Tajobsindia (Senior Partner )     06 June 2011

@ Author

1.
Yes, in my opinion under change of circumstances which in instance brief looks to me may be based on "increase in cost of medical treatment / specialised treatment / special life saving drugs / cross consultation with specialists / rehabilitation cost increase due to price rise index etc."


2. However what I noticed in "change of circumstances" situations is that on an average such suits are filed after minimum 3 years. This average I discovered studying trend in 12 similar cases laws which are from SC to various HC's.

 


(Guest)

Hi,

Thanks for the response.

I tried to search on the internet regarding the increase in monthly maintenance. I interpreted that "change of circumstances" may apply if the court has decided upon the maintenance amount. I may be wrong.

When the parties have agreed a particular amount and reached a compromise, would the court entertain an application for increase in monthly maintenance at a later date? Also, the fataher in law has agreed to pay for any additional cost. Won't the court say that the inflation factor was already known when entering in to a compromise. Why was it not mentioned in the  compromise agreement that the monthly maintenance would increase with increase in inflation. Rather a point is mentioned in the compromise agreement that no further claims would be made against each other.

Can't the husband say that the compromise was reached and apart from Rs. 20,000 maintenance, Rs. 15,00,000 deposit was made with great difficulty. Was the monthly maintenance amount going to increase in future, he would have never committed on this big amount of security deposit when he was on the verge of a financial break down. 

Will this not mean that the in-laws will have the right to hold the husband at ransom every 3 years and demand more money. This will never allow him to rise in life.

Tajobsindia (Senior Partner )     06 June 2011

@ Author

Oh yes now I see you have understood what I was saying all these days here in Family Law section that it is better to contest cases forever instead of compromise, because with contest the essence comes out loud and clear and if wife sides loose then they can never claim in any higher forum under any change of circumstances as it would never be entertained.

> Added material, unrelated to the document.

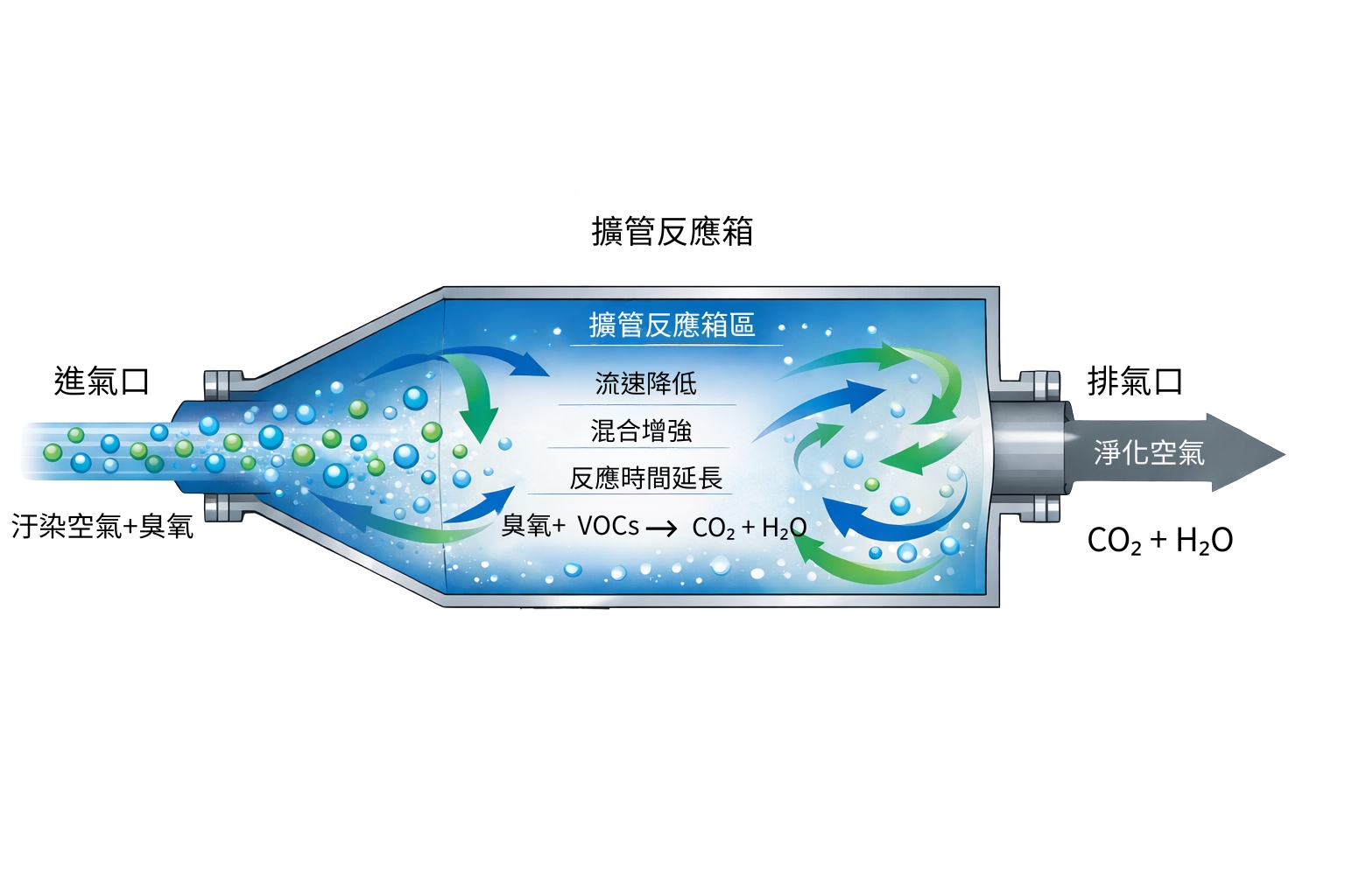 2. 擴管反應箱 : 將風管設計成「管徑由小變大」或「進出口管徑不同」 的反應空間,讓氣體或氣液混合流體在進入較大截面後以便:流速降低 / 停留時間增加 / 擾流與混合效果提升反應更充分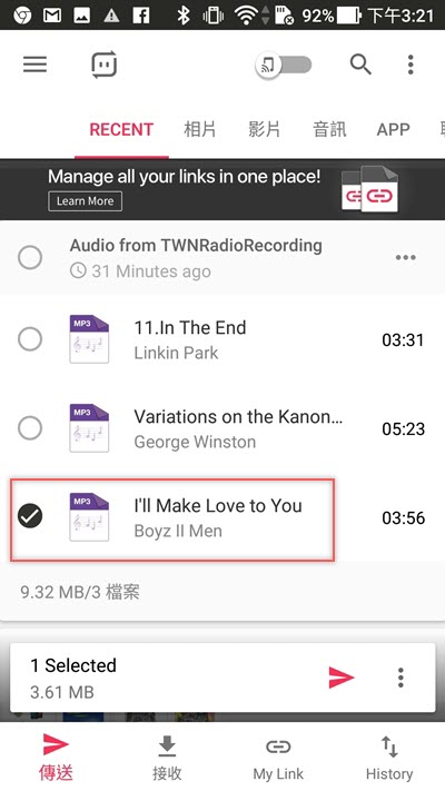 再來看 Android 手機傳到 iPhone,選擇檔案後點傳送,這次用 MP3 檔。

It is applicable only in 'compromise" decrees and what que. you are asking me it is better to ask SC and HC's . It is only in
India everyone intentionally makes a wife “abala nari” for life and same is not there in any International Countries where maint. is given just ONE TIME when compromise decree is prayed for.


Secondly in
India civil maint. compromise even if it is compromised as being settled past, present and future is opened up later and latest being after 29 years wherein the ex wife remained un-married and claiming enhancement of maint. now that is after 29 years to her ex husband is now ripe and settled! Under criminal maint. laws the maint. is subject matter of STATE and STATE can never say OK we agree to husband and wife’s compromise forever and STATE will look after wife's enhancement of maint. they pass the buck on ex HUSBAND as India is a truly a welfare state and each policies made int he women are actually benefitting a wife and your sister / daughter and mother are not considered women as per STATE!.


Yours brief is a typical situation brief and it is bound to reopen is my view because medical condition with time  is bound to ask more money for treatment even at this stage if it was compromised as it will “reopen” on "sympathy clubbed with need factor" and as you say husband is going to “rise” in career post compromise whereas in this stated brief her condition is not going to benefit anyhow is it not so and it will come down with passage of time?


If suggestion is required as to what is best way out then I would say agree for life time medical –reimbursements as per actuals. And put this 15 L in a monthly FD for 5 years with facility to renew automatically with monthly interest going to certain bank account clubbed with already agreed cap of monthly expenses one can leave the issue open for lifetime of the wife and this worry which I raised in your brief will not arise unless FIL plays some tricks which is remote as if ex SIL is lookign after sick daughters medical needs then I doubt FIl will poke his nose later. Offourse the decree will happen and you can rise in your career too without any worry and post Appeal period you can even get re-married too which are not issues to worry at all.


Ok if it is all confusing then let me say in simple wordings that is see you have agreed for certain per month medical reimbursement expenses – Right
Your FIL has agreed to cap-in any excess from his side say Rs. 20 K above if per month increase and on top you have pledged a 15 L FD in case if she is alive for eternity it will be hers and in case god forbid anything happens to her then it will come to you ! - Right
I mean this clause is tricky compromise clause in my opinion i.e. the FD is just a lollipop to get over quickly from the current situation if ideally one interprets it so as compromise deeds are seens as a whole and not clause by clause while interpreting them.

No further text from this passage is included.